Your goal:
Once you find the line below that contains "Ein neuer Feindes-Schreck: Deutscher", write it out along with every later line exactly as given, stopping only when the records end. Omit the pictures.

Records from a dataset:
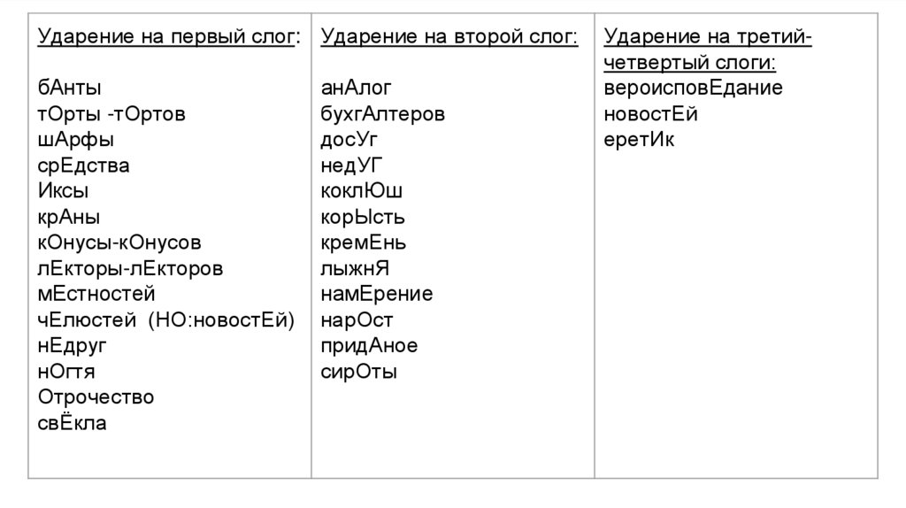 Русское ударениеЗадание 4 ЕГЭ по русскому языку
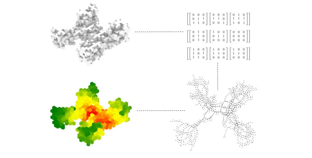 Drawing upon Hillier’s configurational theory in Space is the Machine, the metabolic growth of spatial assemblages within a constrained boundary can be syntactically governed by manipulating directional curves and compactness.
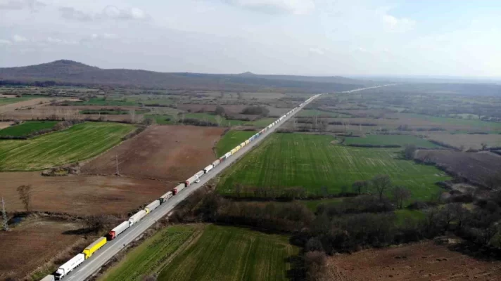 Edirne’de Hamzabeyli Sınır Kapısı’nda Pazartesi günü ihracat yüklerini götürmek için bekleyen tır sürücüleri kilometrelerce kuyruk oluşturdu.
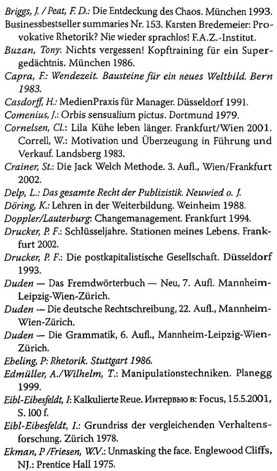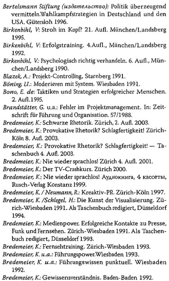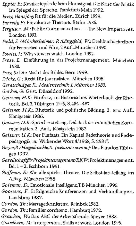 Возможные ответы к заданиям на стр. 70: 119. а) Профессионалы бизнеса новой волны: молоды, динамичны и неуспешны. б) «Правильно, потому что я — единственный, кто за свое в) «Верно, они буквально носят меня на руках, потому что г) «Настроение у вас как у бутылки слишком долго стоявшего молока, а именно — кислое!» е) «Ну если только вы не предпочитаете выдохшееся!» ж) Замечание во время вашего доклада: «Еще есть вопросы, з) «Бы вообще знаете, что такое "информационный автобан"?» «Да, но я вам не скажу!» «Да, это так теперь называется тупик!» и) «Я не понимаю!» — «Sorry, я бы мог помочь, если бы вы не расслышали!» й) «Вы же носите контактные линзы!» «Верно, дома в футляре они мне ни к чему!» «Понятное дело, благодаря этому хотя бы я вижу перспективу». «Верно, одна линза, к сожалению, не гарантирует необходимого обзора!» «Это лучше, чем гордиться наступающей близорукостью!» к) «Вы получаете высокую зарплату — сейчас самое время ее заработать!» л) «Мои комплименты, господин Майер, вы сделали свое домашнее задание!» — «Вы правы, вот, можете списать!» Или: «Правильно, чье же еще домашнее задание мне делать?» м) «Вы меня утомляете!» — «Не расстраивайтесь, вы вполне сносны и в таком состоянии!» н) «Такого ухода (из компании) никто не заслужил!» — «Заслужил — нет, а вот получил — да». о) «Мы все в одной лодке...» — «...которую вы хотите переделать в галеру с рабами!» п) «Многие женщины с удовольствием согласились бы провести со мной ночь!» «Да, примерно половина из тех, кому за 90!» или: «Да, конечно, все инвалиды с удовольствием вспоминают о войне!» или: «И сэкономят упаковку снотворного!» р) «В своем брючном костюме, госпожа Майер, вы выглядите почти как мужчина!» — «Этот комплимент я могу вернуть: вы в своем выглядите тоже как мужчина, почти!» с) «Нам не нужно каждый раз изобретать велосипед!» — «Нет, но неплохо бы, наконец, на нем куда-нибудь поехать!»
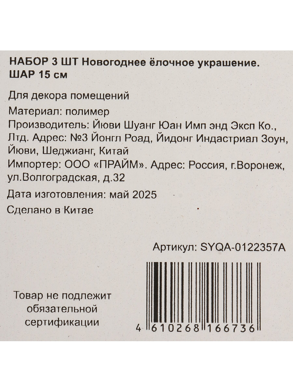 Покупатели часто спрашивают: «Как выбрать елочные шары для улицы?» — этот набор идеально подходит: пластик не боится влаги и перепадов температуры, а размер 15 см хорошо заметен даже на больших елках. В отличие от стеклянных аналогов, пластиковые украшения служат дольше и не требуют особых условий хранения. Если вы ищете, что лучше выбрать для дачи или для подарка, обратите внимание на этот комплект: шары поставляются в коробке, что удобно для хранения и транспортировки.
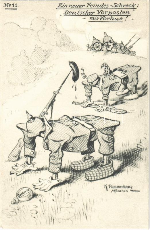 Ein neuer Feindes-Schreck: Deutscher Vorposten mit Vorhut! / WWI German military art postcard, humour. Nr. 1011. s: K. Pommerhanz (Rb)
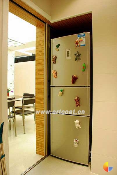 开始还在考虑这么小的地方能放什么?不过现在看来冰箱放进去恰恰合适!
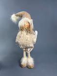 Забавная текстильная фигурка, исполненная в теплой коричнево-бежевой палитре. Персонаж одет в уютную зимнюю одежду с мягкими меховыми элементами и высокой шапкой бежевого цвета. Теплые оттенки и приятная фактура ткани создают очаровательный, домашний образ, в котором чувствуется забота и тепло.
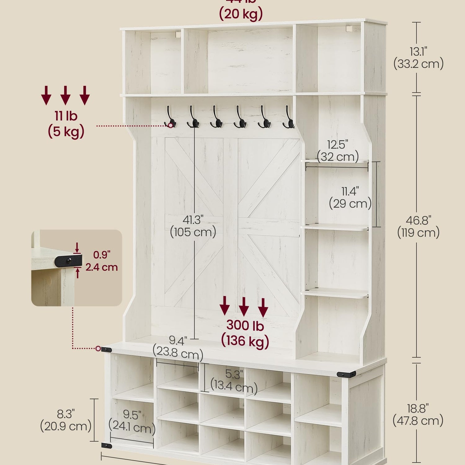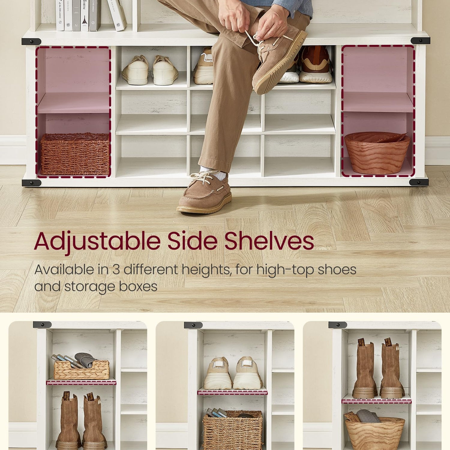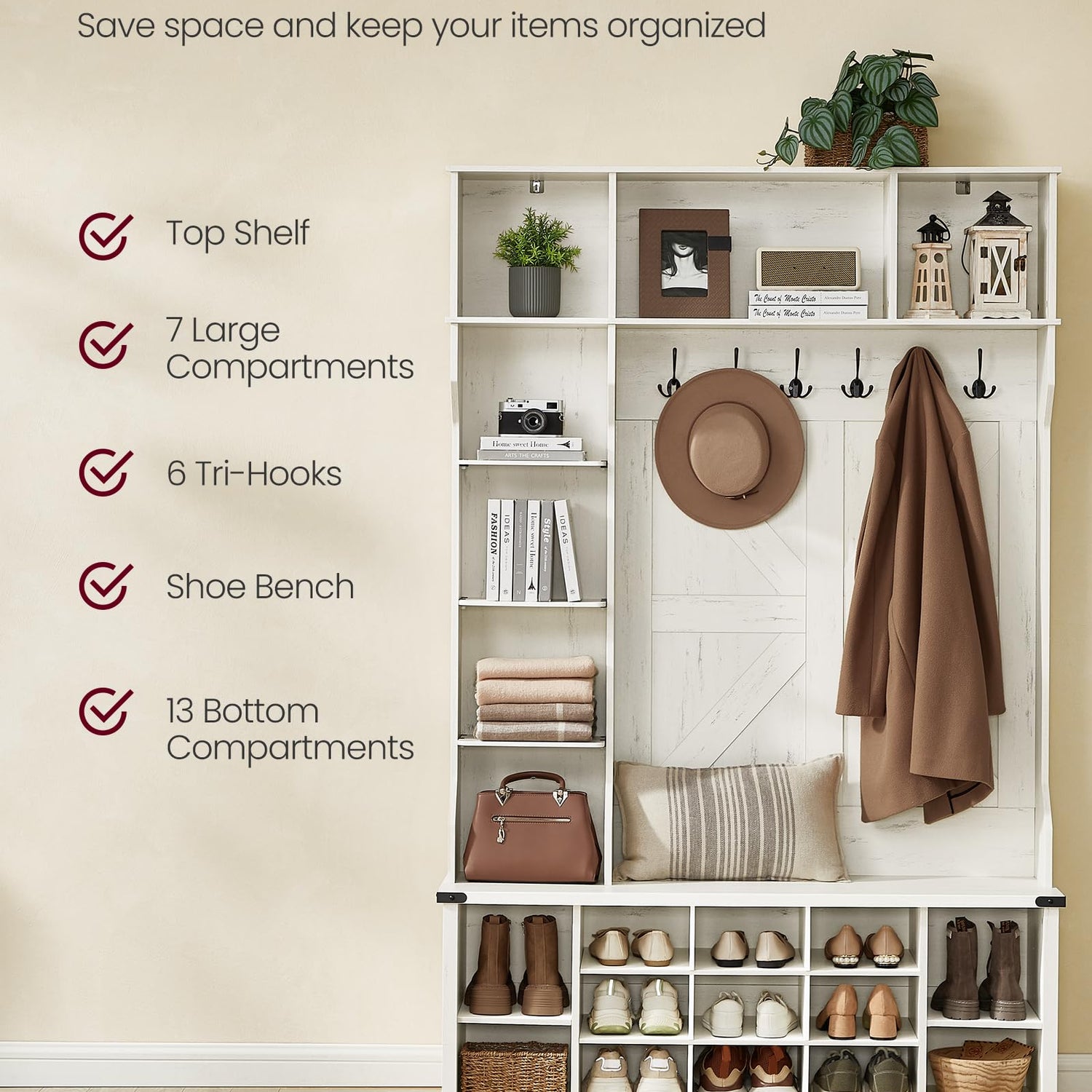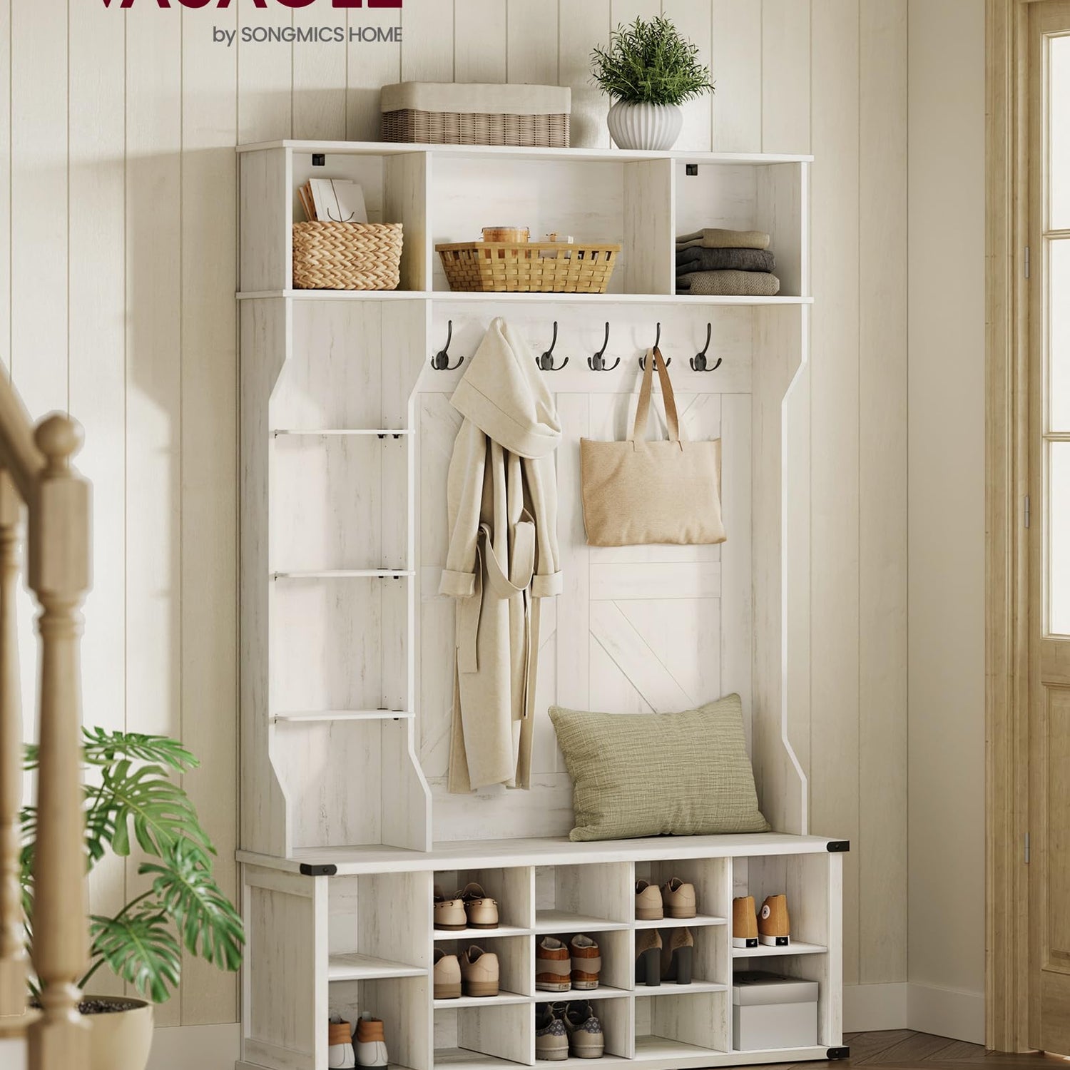 VASAGLE Hall Tree with Bench and Shoe Storage, Coat Rack with Shoe Bench, Entryway Furniture, 20 Open Compartments, 6 Tri-Hooks, Farmfouse Style, Space Saving, Rustic White UHSR440W01
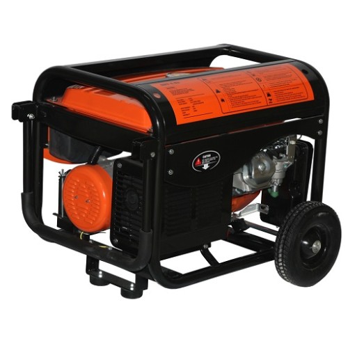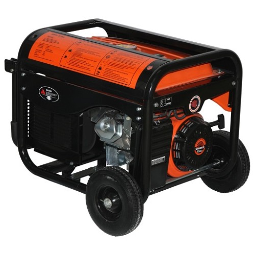 Двигун та генератор змінного струму встановлені на міцній металевій рамі (з додатковим захистом паливного бака) через демпферні опори, які суттєво знижують вібрацію агрегату та запобігають його переміщенню в процесі експлуатації. Рівень шуму при роботі на максимальній потужності становить 72 дБ. Запуск двигуна здійснюється або ручним стартером або електричним.
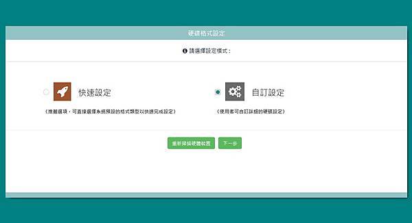 ▼ 硬碟格式設定有「快速」與「自訂」兩種。
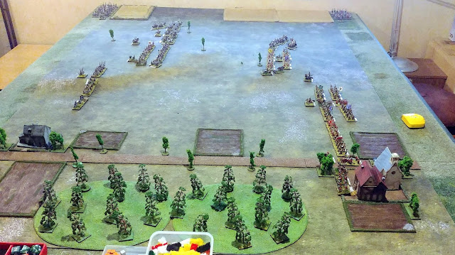 Both sides could deploy into 3 extra table squares and Prussians could remove 1 terrain feature (they chose to remove a large wood on central hill mass.
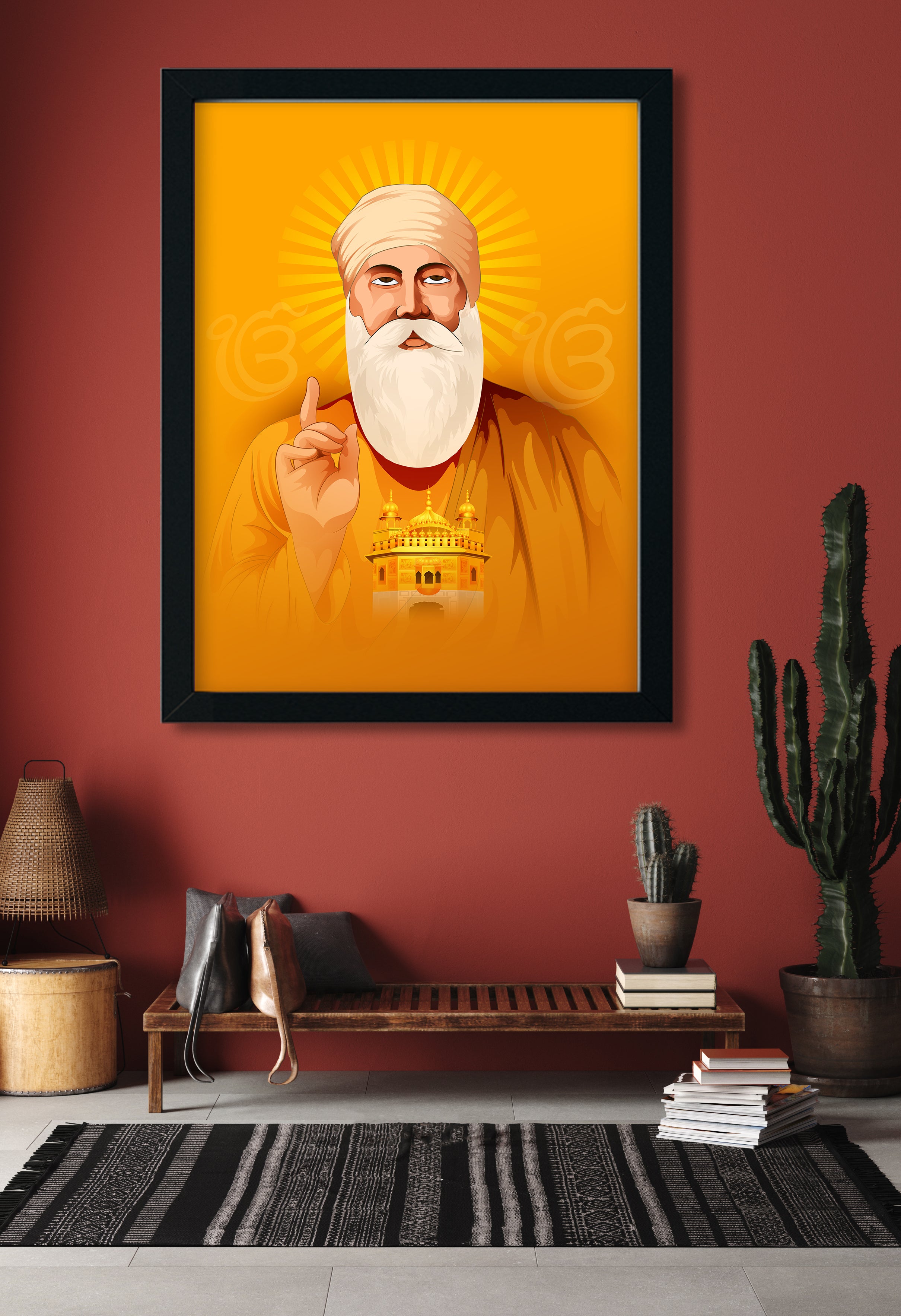 Guru Nanak Ji Painting 3 : 4 Vertical Premium Wall Art Canvas by MeriDeewar

Written answer:
 Ein neuer Feindes-Schreck: Deutscher Vorposten mit Vorhut! / WWI German military art postcard, humour. Nr. 1011. s: K. Pommerhanz (Rb)
 开始还在考虑这么小的地方能放什么?不过现在看来冰箱放进去恰恰合适!
 Забавная текстильная фигурка, исполненная в теплой коричнево-бежевой палитре. Персонаж одет в уютную зимнюю одежду с мягкими меховыми элементами и высокой шапкой бежевого цвета. Теплые оттенки и приятная фактура ткани создают очаровательный, домашний образ, в котором чувствуется забота и тепло.
 VASAGLE Hall Tree with Bench and Shoe Storage, Coat Rack with Shoe Bench, Entryway Furniture, 20 Open Compartments, 6 Tri-Hooks, Farmfouse Style, Space Saving, Rustic White UHSR440W01
 Двигун та генератор змінного струму встановлені на міцній металевій рамі (з додатковим захистом паливного бака) через демпферні опори, які суттєво знижують вібрацію агрегату та запобігають його переміщенню в процесі експлуатації. Рівень шуму при роботі на максимальній потужності становить 72 дБ. Запуск двигуна здійснюється або ручним стартером або електричним.
 ▼ 硬碟格式設定有「快速」與「自訂」兩種。
 Both sides could deploy into 3 extra table squares and Prussians could remove 1 terrain feature (they chose to remove a large wood on central hill mass.
 Guru Nanak Ji Painting 3 : 4 Vertical Premium Wall Art Canvas by MeriDeewar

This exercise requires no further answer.